No se trata, como es obvio, de que el juez no tenga criterio propio sobre un asunto (personal, político, ideológico, religioso, etc), sino de que ello no interfiera en el proceso de escucha activa de los argumentos de las partes, valoración racional de la prueba y aplicación técnica y razonada conforme al estándar constitucional del Derecho que configuran la esencia de su función.

El sistema legal procura preservar la imparcialidad del juez mediante la abstención y la recusación.

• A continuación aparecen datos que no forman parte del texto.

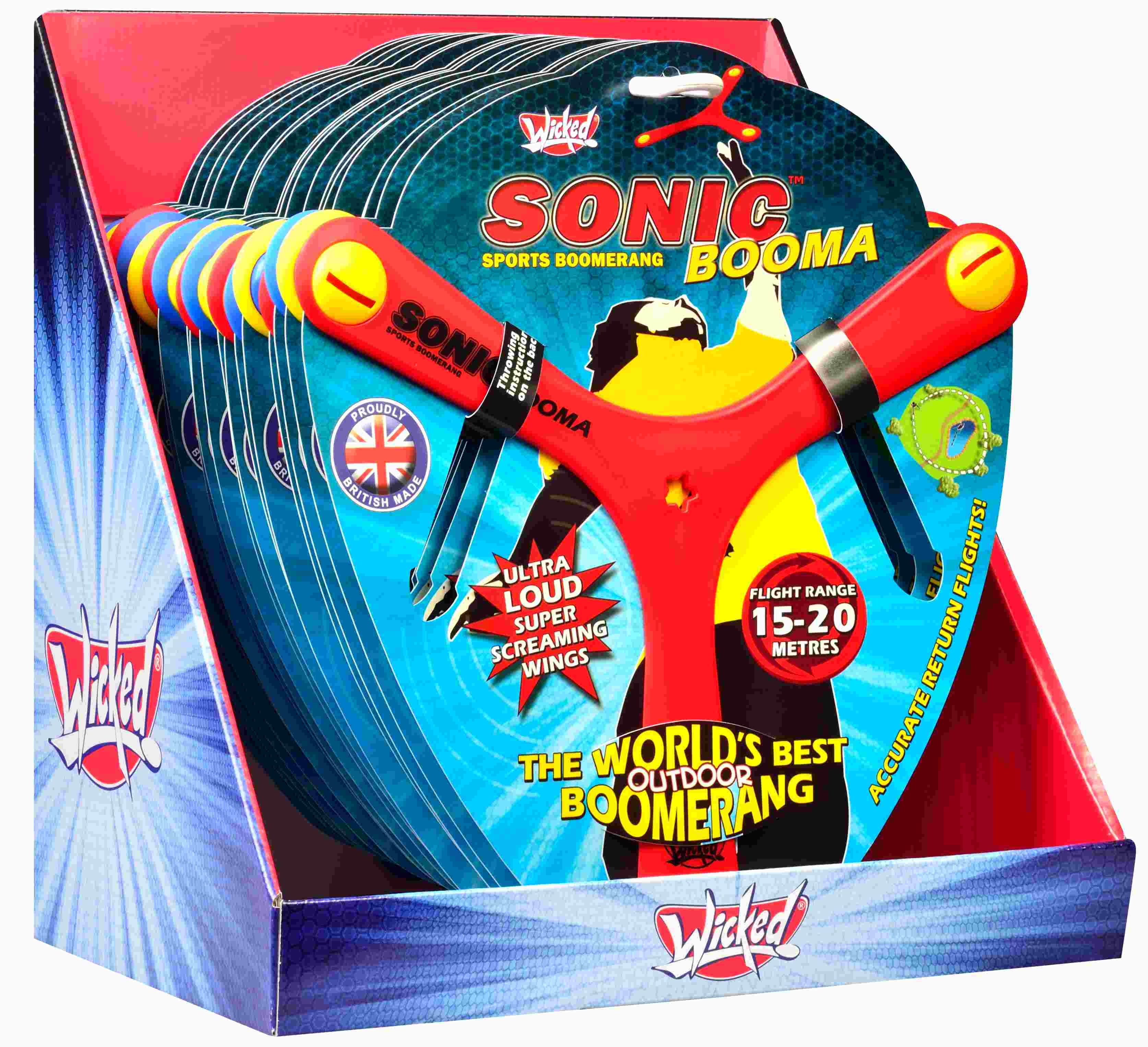 Bumerang z polimeru, gwiżdżący, zasięg 15-20 m, dostępny w kolorze niebieskim, czerwonym i żółtym, wyprodukowany w Wielkiej Brytanii. Wicked Sonic Booma, gwiżdżąca wersja najlepszego powracającego bumerangu na świecie, hipnotyzuje przechodniów, gdy śmiga w powietrzu.  Wicked Sonic Booma oferuje ekscytujące wielozmysłowe wrażenia i niekończącą się rozrywkę dla całej rodziny!

La Ley Orgánica del Poder Judicial (LOPJ) enumera en su artículo 219 hasta 16 causas que obligan al juez a abstenerse y permiten a las partes recusarle si no lo hace. Además, ignorar conscientemente una causa de abstención da lugar a responsabilidad disciplinaria (artículo 417.8 LOPJ).

El Tribunal Europeo de Derechos Humanos (TEDH), al que ha seguido nuestro TC, distingue en su jurisprudencia (por todas, sentencia de 15 de octubre de 2009, Micallef c. Malta) dos planos de análisis que no están completamente separados: uno subjetivo, basado en la existencia de convicciones y comportamientos personales del juez que le inclinan a tomar partido previamente; y otro objetivo, que se centra en establecer si el tribunal (por su composición, por factores de naturaleza gubernativa u orgánica o por las relaciones de cierto tipo existentes entre los jueces y otros actores en los procedimientos) ofrece suficientes garantías para excluir cualquier duda legítima sobre su imparcialidad. Mientras que la imparcialidad subjetiva del juez se presume – por lo que quien la cuestiona tiene que aportar una prueba en contrario -, la objetiva proporciona una garantía adicional al ciudadano, ya que le permite acreditar que se dan circunstancias objetivas y verificables, que, al margen de lo que sucede en el fuero interno del juez, justifican desde el punto de vista de un observador externo sus dudas sobre la parcialidad del tribunal.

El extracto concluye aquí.